Essas quatro primeiras fases podem ser consideradas como práticas externas ou preparatórias, pois sem elas não há como se obter êxito nas fases seguintes. As quatro últimas fases trabalham com o mundo interno do praticante e gradualmente o conduzem à meditação. São elas:

5. Pratyahara - Libertação da mente do jugo dos sentidos e das formas externas, traduzindo-se numa forma de controle destes. É algo parecido com escutar sem ouvir, olhar sem ver, sentir sem tocar. Os sentidos não são mais a forma principal de avaliação e percepção do mundo, especialmente do chamado mundo interior. Pratyahara induz a um estado de relaxamento profundo e consciente, preparatório para a meditação.

6. Dharana - Atenção extrema, ou concentração, que pode ter como apoio um objeto para observação. Por exemplo, um símbolo, uma deidade ou um som específico. Em Dharana, a atenção deve atingir sua mais elevada graduação.

7. Dhyana - Concentração extrema ou meditação. Quando, em Dharana, a atenção chega a seu ápice, transforma-se em concentração extrema, ou Dhyana - que é uma forma de meditação.
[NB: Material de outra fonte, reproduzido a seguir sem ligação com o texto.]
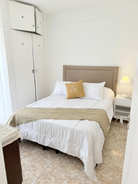 Sommier con respaldo, mesita de luz, modular, TV, placard y salida al balcón saliente
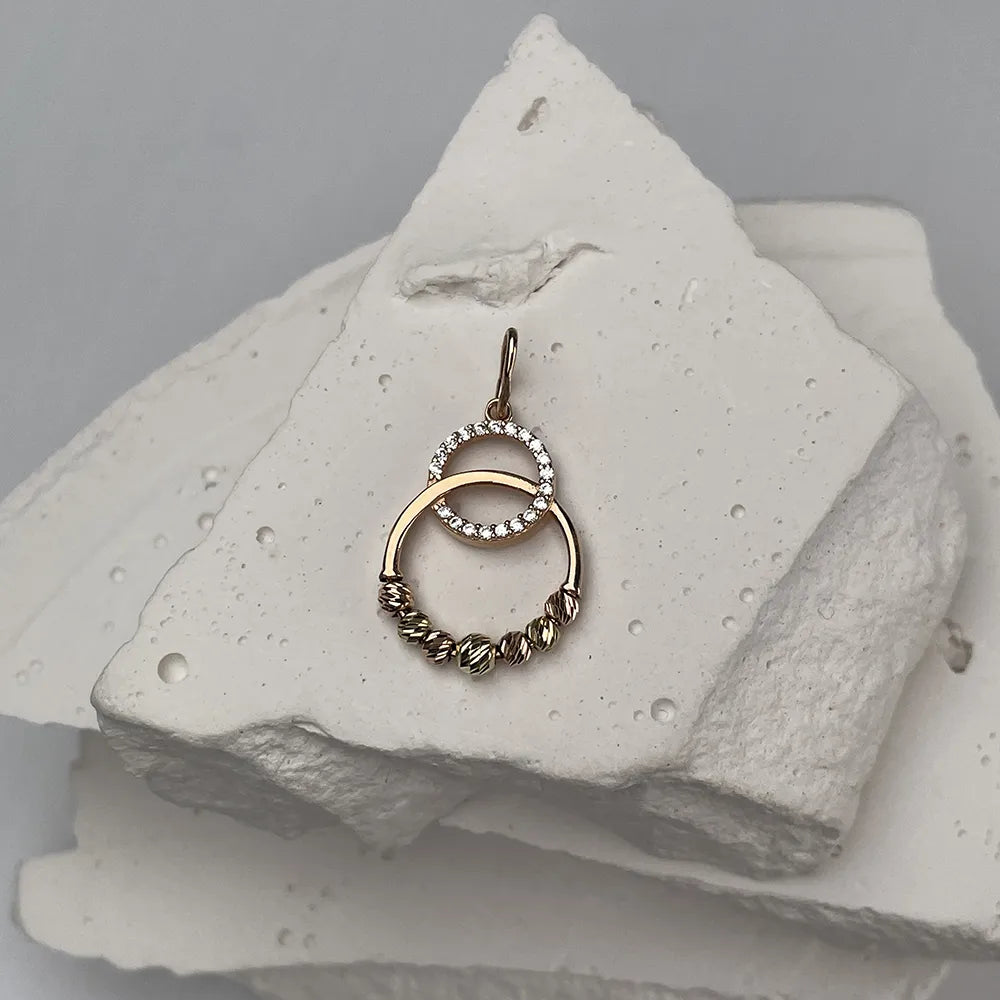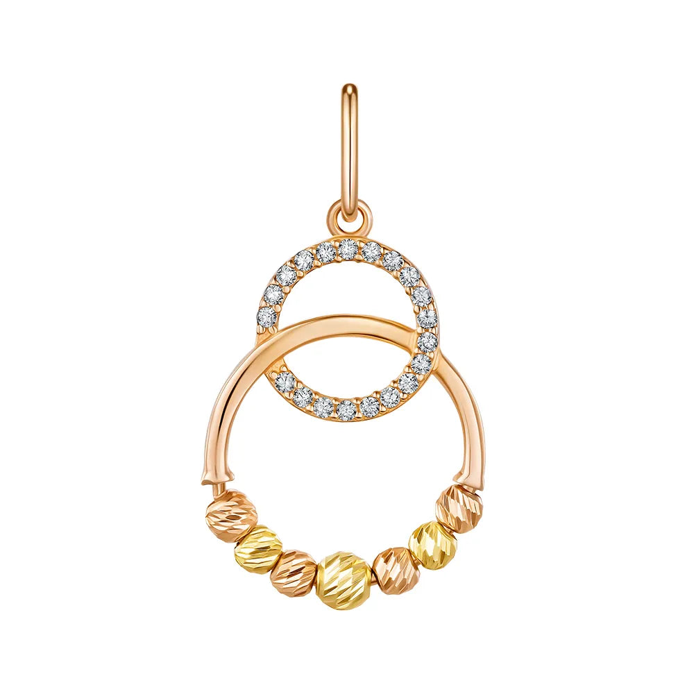 Wisiorek złoty łączony z cyrkoniami i fasetowanymi kulkami F-1102-P/83/1

Nesse momento, o objeto de observação e o observador se fundem em pura consciência, tornando-se um só.

8. Samadhi - Iluminação ou a manutenção desse estado de pura consciência por determinado período e com suspensão da respiração (kumbhaka). Nesse estado, vai-se além do corpo, da mente e da própria consciência. Segundo os grandes mestres de Yoga de todos os tempos, não há como descrevê-lo. Deve-se experimentá-lo.

Ao conjunto de DharanaDhyana e Samadhi, Patañjali denominou Samyama.